Snakes are mentioned in Mark 16. Even though your grandpaa firmly believes that what is found in the Bible is inerrant, your grandpaa wishes that the last twelve verses of the last chapter in the Mark Book had not been added. What is said in just one of the verses – verse 18, “they will pick up snakes with their hands; and when they drink deadly poison, it will not hurt them at all; they will place their hands on sick people, and they will get well.”’ has become the core belief of some Christ-follower fellowships of guys and gals. These Christ-follower fellowships of guys and gals handle rattlesnakes as part of their church services – believing that if a guy or gal is bit by a snake, that that the guy or gal will not die. Your grandpaa believes that this an extreme faith application which . . . your grandpaa believes that the verses that end the Mark Book were added by someone other than Mark after Mark had completed his personal documentation of Jesus’ life. Your grandpaa is convinced that Mark carefully researched what he personally had not witnessed regarding Jesus’ life on planet Earth. The Mark Book is a succinct compilation of just Jesus’ life experiences. Handling snakes and/or drinking poison were not a Jesus thing.

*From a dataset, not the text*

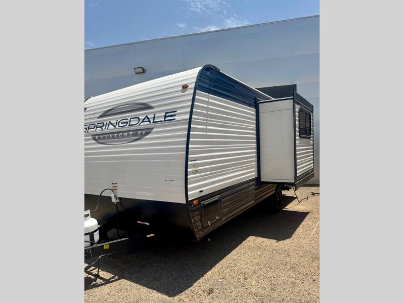 With any Springdale Classic Mini travel trailer by Keystone, you will enjoy lightweight towing thanks to their single-axle! You'll find the XL entry assist handle will make entering and exiting your unit easier than ever, and the power awning will provide protection from the sun as you relax in your camp chairs outside. Each model includes blackout night shades, solid wood cabinet doors and drawers, a shower skylight for more standing room, plus many more interior comforts. There is also a 5,000 BTU sidewall A/C and 20K BTU furnace to keep you comfortable, plus a Girard tankless water heater for endless hot showers!

The footnotes for this chapter mention that it was about 6:00 P.M. Saturday evening when Mary Magdalene, Mary – James’ ma, and Salome left for the tomb where Jesus was buried. These three gals had bought some spices that they were planning to use to anoint Jesus’ body. Mark says in his Mark Book that the three gals went very early to the tomb where Jesus was entombed – like just after sunrise, to . . . so – a Bible commentator thinks that it was in the evening when the three gals headed for the tomb where . . . do you normally apply Biblical truths literally or do you believe that there are rare cases – such as the verses that end this chapter, where verses should be treated with a healthy skepticism as to their absolute voracity. A beautiful, slithery creature – in the period of the Garden of Eden, became Satan’s temptation currier. When Adam succumbed to the pride spirit, the devious serpent became destined to be a stomach crawler forever. The Bible – to your grandpaa, has so many other verses in it to factually apply in underpinning a personal theology that is centered on God’s unmerited grace coming alongside the mustard size faith that a guy, gal or kid is given when . . . the ‘snake’ is taken out of play when Jesus is accepted by the guy, gal or kid.